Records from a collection

+ + + +

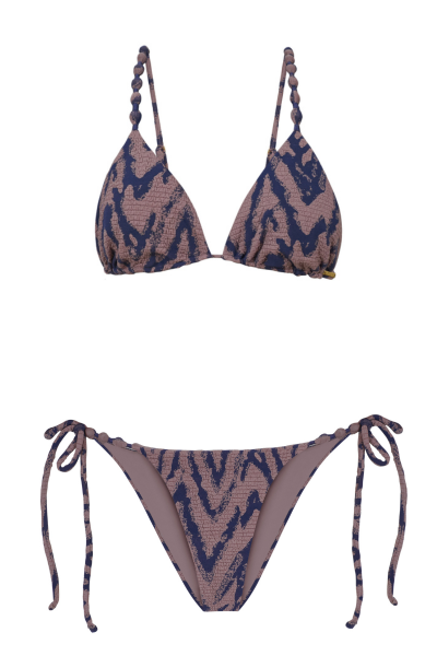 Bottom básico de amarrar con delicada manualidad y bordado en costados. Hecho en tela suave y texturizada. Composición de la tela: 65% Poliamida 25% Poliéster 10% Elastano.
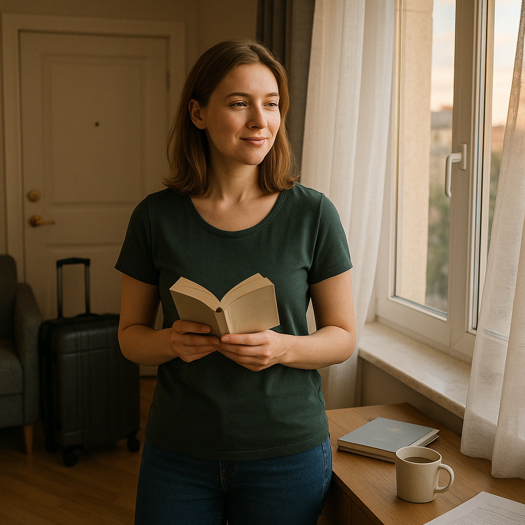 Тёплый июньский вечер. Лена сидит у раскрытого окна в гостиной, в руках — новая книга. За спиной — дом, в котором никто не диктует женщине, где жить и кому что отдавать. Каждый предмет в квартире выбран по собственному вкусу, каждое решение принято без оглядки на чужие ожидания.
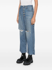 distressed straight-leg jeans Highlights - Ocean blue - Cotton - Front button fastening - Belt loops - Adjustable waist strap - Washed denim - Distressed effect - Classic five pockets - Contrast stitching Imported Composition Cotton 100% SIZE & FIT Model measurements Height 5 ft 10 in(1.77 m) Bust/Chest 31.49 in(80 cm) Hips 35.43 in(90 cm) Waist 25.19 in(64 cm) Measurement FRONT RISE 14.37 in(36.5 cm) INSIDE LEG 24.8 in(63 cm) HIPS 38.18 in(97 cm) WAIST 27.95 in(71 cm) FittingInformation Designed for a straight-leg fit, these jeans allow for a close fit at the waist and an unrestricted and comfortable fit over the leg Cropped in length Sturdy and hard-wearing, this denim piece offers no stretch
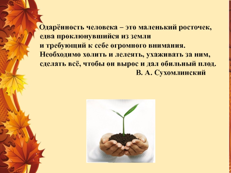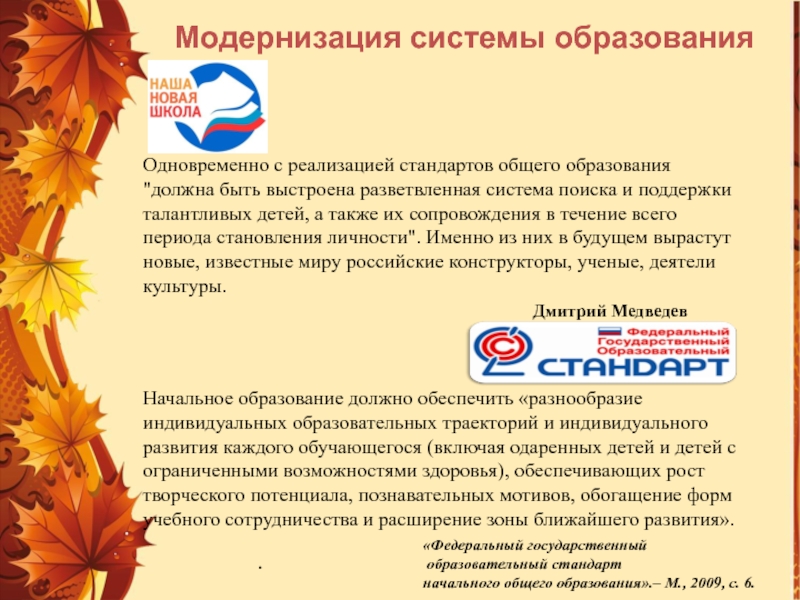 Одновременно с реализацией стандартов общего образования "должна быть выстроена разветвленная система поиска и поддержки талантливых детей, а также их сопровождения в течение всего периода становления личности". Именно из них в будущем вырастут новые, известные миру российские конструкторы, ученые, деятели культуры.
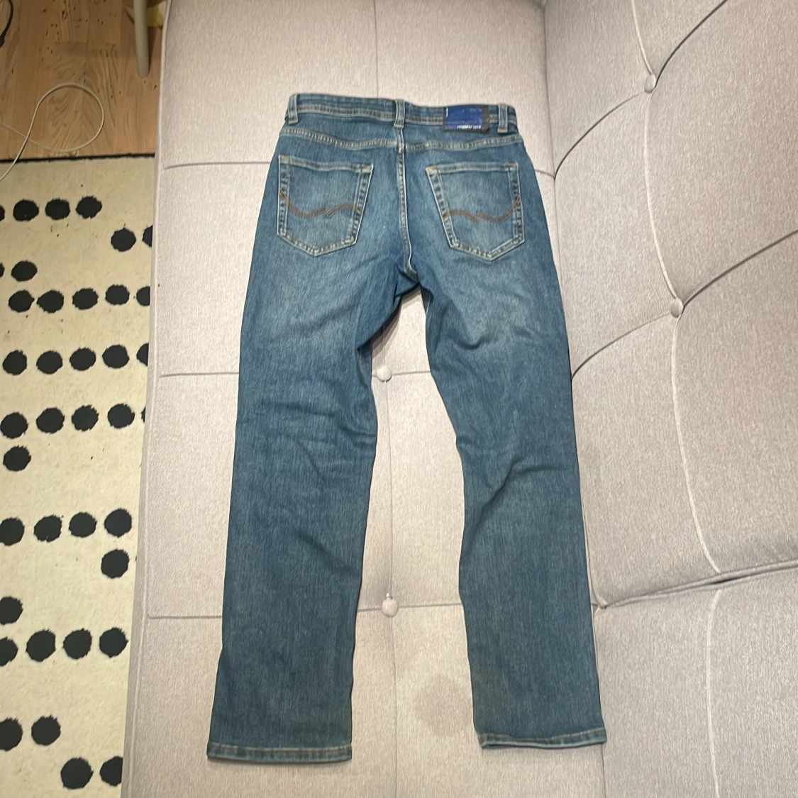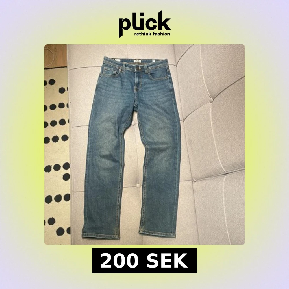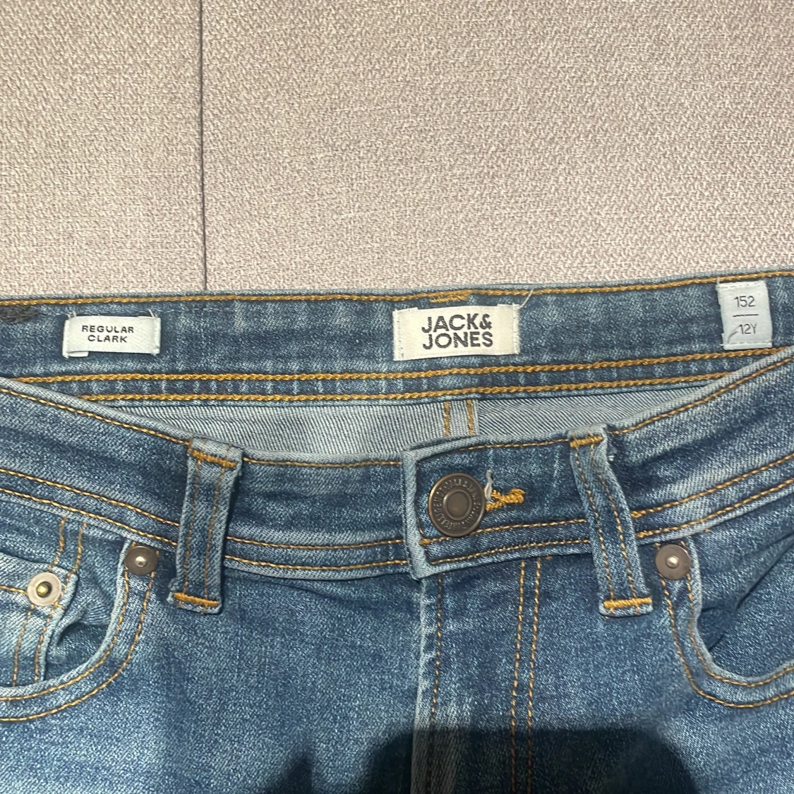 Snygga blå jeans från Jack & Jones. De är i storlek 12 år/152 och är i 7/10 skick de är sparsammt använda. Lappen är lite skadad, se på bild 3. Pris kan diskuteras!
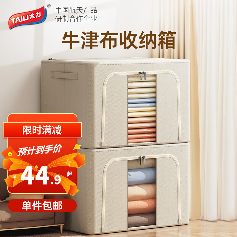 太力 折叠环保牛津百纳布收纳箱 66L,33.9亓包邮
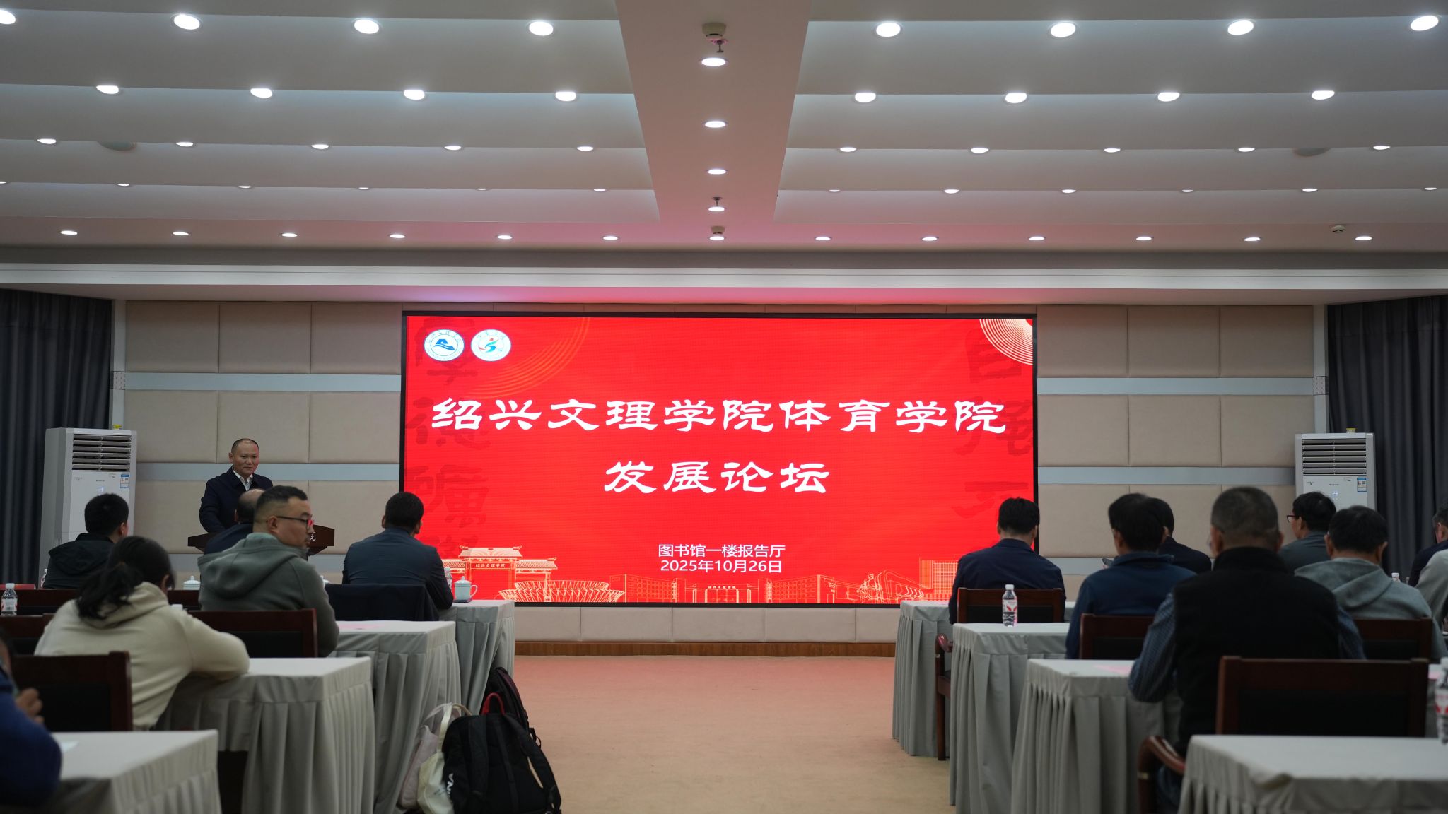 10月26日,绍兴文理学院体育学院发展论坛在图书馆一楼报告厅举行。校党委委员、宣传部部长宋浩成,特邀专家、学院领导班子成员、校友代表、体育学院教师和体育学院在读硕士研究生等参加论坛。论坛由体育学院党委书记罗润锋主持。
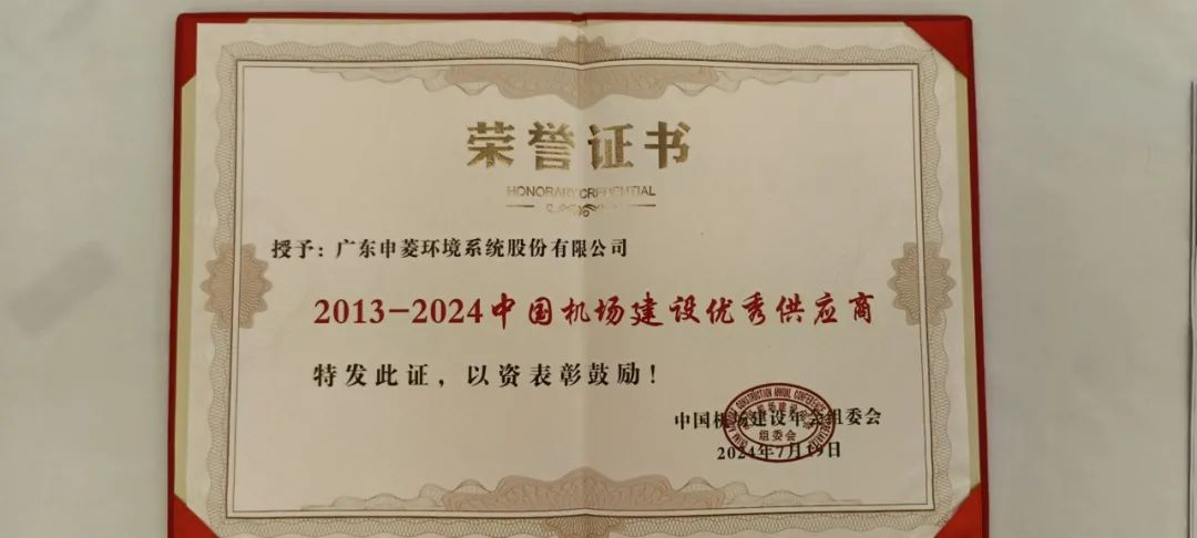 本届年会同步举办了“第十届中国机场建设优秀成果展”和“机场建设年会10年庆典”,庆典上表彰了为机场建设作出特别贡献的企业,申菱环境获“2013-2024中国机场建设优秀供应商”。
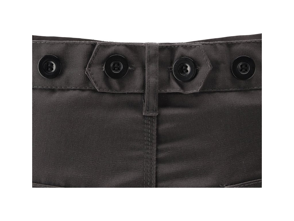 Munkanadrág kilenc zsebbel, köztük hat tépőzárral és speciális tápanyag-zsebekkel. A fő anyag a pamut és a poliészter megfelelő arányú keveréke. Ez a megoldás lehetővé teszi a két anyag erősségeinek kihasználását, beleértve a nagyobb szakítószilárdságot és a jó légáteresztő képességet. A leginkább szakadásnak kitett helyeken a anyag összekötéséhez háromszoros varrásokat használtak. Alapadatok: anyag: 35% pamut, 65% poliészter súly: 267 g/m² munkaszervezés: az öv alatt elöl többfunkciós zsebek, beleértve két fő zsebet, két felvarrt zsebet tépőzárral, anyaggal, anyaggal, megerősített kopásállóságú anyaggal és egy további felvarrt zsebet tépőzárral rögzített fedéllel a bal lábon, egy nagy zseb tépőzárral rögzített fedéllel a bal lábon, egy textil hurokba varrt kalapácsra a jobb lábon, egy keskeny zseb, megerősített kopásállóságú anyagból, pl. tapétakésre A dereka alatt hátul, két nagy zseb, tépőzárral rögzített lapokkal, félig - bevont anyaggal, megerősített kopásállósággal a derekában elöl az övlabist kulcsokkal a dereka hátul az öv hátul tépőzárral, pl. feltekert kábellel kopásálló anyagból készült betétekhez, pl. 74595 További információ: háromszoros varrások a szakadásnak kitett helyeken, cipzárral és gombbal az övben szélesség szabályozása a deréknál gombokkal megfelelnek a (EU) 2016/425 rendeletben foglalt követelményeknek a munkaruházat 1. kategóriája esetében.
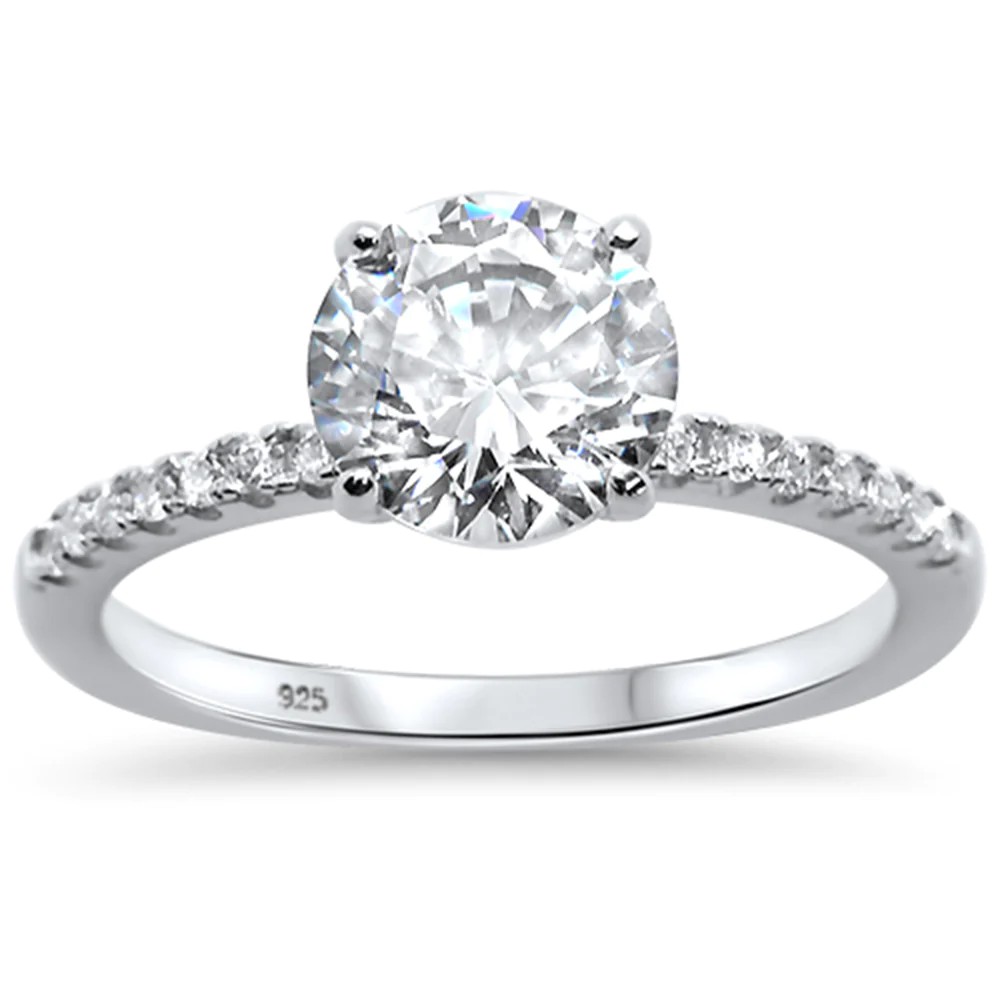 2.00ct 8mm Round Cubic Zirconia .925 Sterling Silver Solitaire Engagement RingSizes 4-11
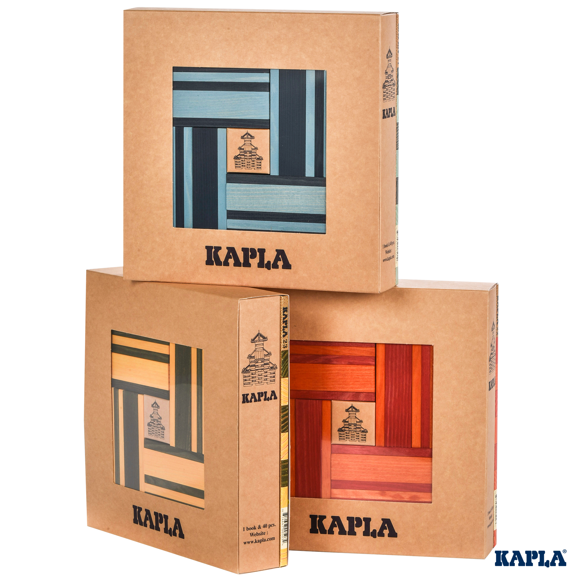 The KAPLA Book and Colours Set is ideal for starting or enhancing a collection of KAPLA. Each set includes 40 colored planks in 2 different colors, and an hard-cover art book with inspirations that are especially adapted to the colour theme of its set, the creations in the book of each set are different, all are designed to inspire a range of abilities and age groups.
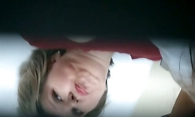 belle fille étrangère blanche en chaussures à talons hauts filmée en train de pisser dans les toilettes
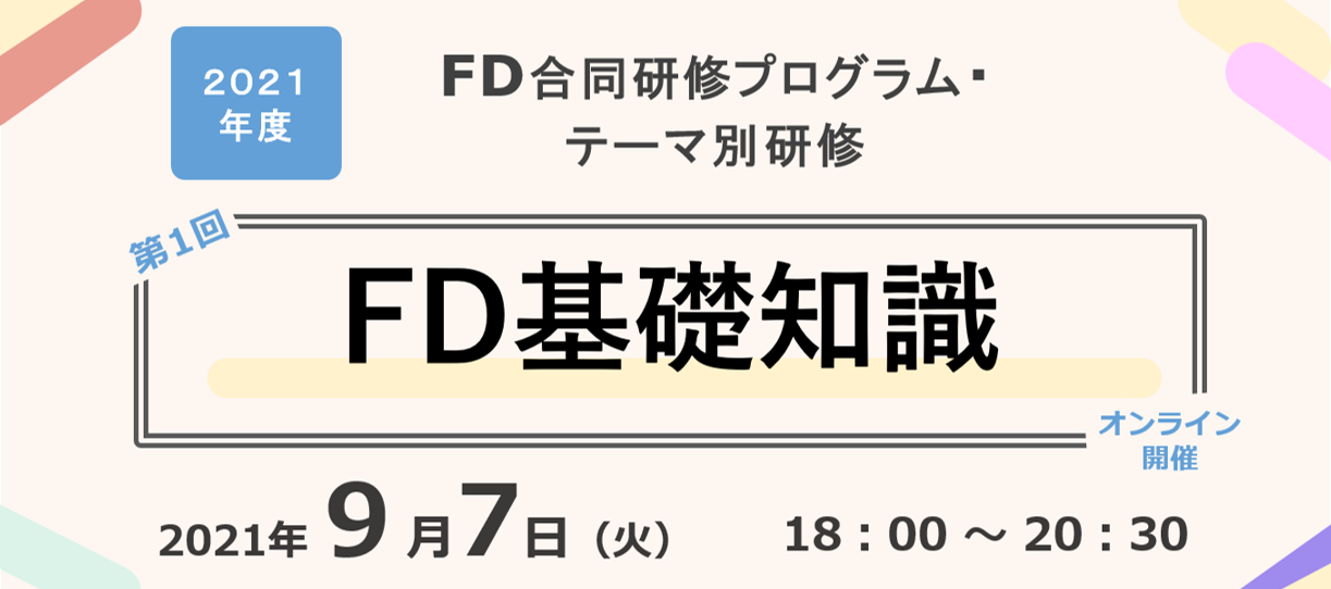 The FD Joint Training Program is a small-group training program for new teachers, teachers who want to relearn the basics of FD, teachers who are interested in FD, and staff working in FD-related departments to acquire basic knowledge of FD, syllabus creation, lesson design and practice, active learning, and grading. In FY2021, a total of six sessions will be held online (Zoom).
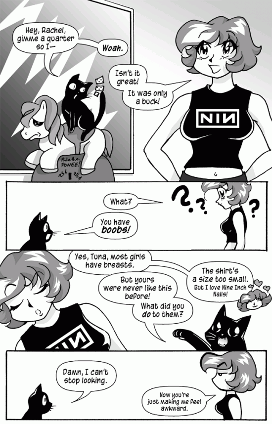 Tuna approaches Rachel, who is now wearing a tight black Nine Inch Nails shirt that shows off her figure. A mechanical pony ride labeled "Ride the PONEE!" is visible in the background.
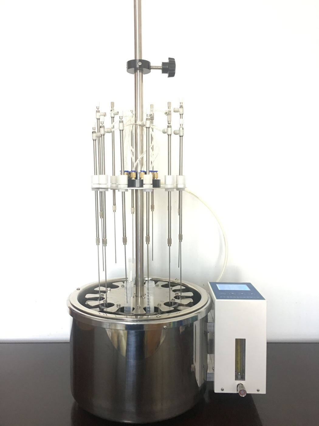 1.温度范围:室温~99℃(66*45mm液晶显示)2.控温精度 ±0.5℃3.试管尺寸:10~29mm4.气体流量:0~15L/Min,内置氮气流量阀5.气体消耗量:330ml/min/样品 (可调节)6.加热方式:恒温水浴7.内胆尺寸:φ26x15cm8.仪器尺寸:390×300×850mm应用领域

+ + + +

▶ _EXERCISE DETAILS_: Apart from the pictures, all of the data must be duplicated exactly as shown above.

▶ _EXERCISE ANSWER_:
 Bottom básico de amarrar con delicada manualidad y bordado en costados. Hecho en tela suave y texturizada. Composición de la tela: 65% Poliamida 25% Poliéster 10% Elastano.
 Тёплый июньский вечер. Лена сидит у раскрытого окна в гостиной, в руках — новая книга. За спиной — дом, в котором никто не диктует женщине, где жить и кому что отдавать. Каждый предмет в квартире выбран по собственному вкусу, каждое решение принято без оглядки на чужие ожидания.
 distressed straight-leg jeans Highlights - Ocean blue - Cotton - Front button fastening - Belt loops - Adjustable waist strap - Washed denim - Distressed effect - Classic five pockets - Contrast stitching Imported Composition Cotton 100% SIZE & FIT Model measurements Height 5 ft 10 in(1.77 m) Bust/Chest 31.49 in(80 cm) Hips 35.43 in(90 cm) Waist 25.19 in(64 cm) Measurement FRONT RISE 14.37 in(36.5 cm) INSIDE LEG 24.8 in(63 cm) HIPS 38.18 in(97 cm) WAIST 27.95 in(71 cm) FittingInformation Designed for a straight-leg fit, these jeans allow for a close fit at the waist and an unrestricted and comfortable fit over the leg Cropped in length Sturdy and hard-wearing, this denim piece offers no stretch
 Одновременно с реализацией стандартов общего образования "должна быть выстроена разветвленная система поиска и поддержки талантливых детей, а также их сопровождения в течение всего периода становления личности". Именно из них в будущем вырастут новые, известные миру российские конструкторы, ученые, деятели культуры.
 Snygga blå jeans från Jack & Jones. De är i storlek 12 år/152 och är i 7/10 skick de är sparsammt använda. Lappen är lite skadad, se på bild 3. Pris kan diskuteras!
 太力 折叠环保牛津百纳布收纳箱 66L,33.9亓包邮
 10月26日,绍兴文理学院体育学院发展论坛在图书馆一楼报告厅举行。校党委委员、宣传部部长宋浩成,特邀专家、学院领导班子成员、校友代表、体育学院教师和体育学院在读硕士研究生等参加论坛。论坛由体育学院党委书记罗润锋主持。
 本届年会同步举办了“第十届中国机场建设优秀成果展”和“机场建设年会10年庆典”,庆典上表彰了为机场建设作出特别贡献的企业,申菱环境获“2013-2024中国机场建设优秀供应商”。
 Munkanadrág kilenc zsebbel, köztük hat tépőzárral és speciális tápanyag-zsebekkel. A fő anyag a pamut és a poliészter megfelelő arányú keveréke. Ez a megoldás lehetővé teszi a két anyag erősségeinek kihasználását, beleértve a nagyobb szakítószilárdságot és a jó légáteresztő képességet. A leginkább szakadásnak kitett helyeken a anyag összekötéséhez háromszoros varrásokat használtak. Alapadatok: anyag: 35% pamut, 65% poliészter súly: 267 g/m² munkaszervezés: az öv alatt elöl többfunkciós zsebek, beleértve két fő zsebet, két felvarrt zsebet tépőzárral, anyaggal, anyaggal, megerősített kopásállóságú anyaggal és egy további felvarrt zsebet tépőzárral rögzített fedéllel a bal lábon, egy nagy zseb tépőzárral rögzített fedéllel a bal lábon, egy textil hurokba varrt kalapácsra a jobb lábon, egy keskeny zseb, megerősített kopásállóságú anyagból, pl. tapétakésre A dereka alatt hátul, két nagy zseb, tépőzárral rögzített lapokkal, félig - bevont anyaggal, megerősített kopásállósággal a derekában elöl az övlabist kulcsokkal a dereka hátul az öv hátul tépőzárral, pl. feltekert kábellel kopásálló anyagból készült betétekhez, pl. 74595 További információ: háromszoros varrások a szakadásnak kitett helyeken, cipzárral és gombbal az övben szélesség szabályozása a deréknál gombokkal megfelelnek a (EU) 2016/425 rendeletben foglalt követelményeknek a munkaruházat 1. kategóriája esetében.
 2.00ct 8mm Round Cubic Zirconia .925 Sterling Silver Solitaire Engagement RingSizes 4-11
 The KAPLA Book and Colours Set is ideal for starting or enhancing a collection of KAPLA. Each set includes 40 colored planks in 2 different colors, and an hard-cover art book with inspirations that are especially adapted to the colour theme of its set, the creations in the book of each set are different, all are designed to inspire a range of abilities and age groups.
 belle fille étrangère blanche en chaussures à talons hauts filmée en train de pisser dans les toilettes
 The FD Joint Training Program is a small-group training program for new teachers, teachers who want to relearn the basics of FD, teachers who are interested in FD, and staff working in FD-related departments to acquire basic knowledge of FD, syllabus creation, lesson design and practice, active learning, and grading. In FY2021, a total of six sessions will be held online (Zoom).
 Tuna approaches Rachel, who is now wearing a tight black Nine Inch Nails shirt that shows off her figure. A mechanical pony ride labeled "Ride the PONEE!" is visible in the background.
 1.温度范围:室温~99℃(66*45mm液晶显示)2.控温精度 ±0.5℃3.试管尺寸:10~29mm4.气体流量:0~15L/Min,内置氮气流量阀5.气体消耗量:330ml/min/样品 (可调节)6.加热方式:恒温水浴7.内胆尺寸:φ26x15cm8.仪器尺寸:390×300×850mm应用领域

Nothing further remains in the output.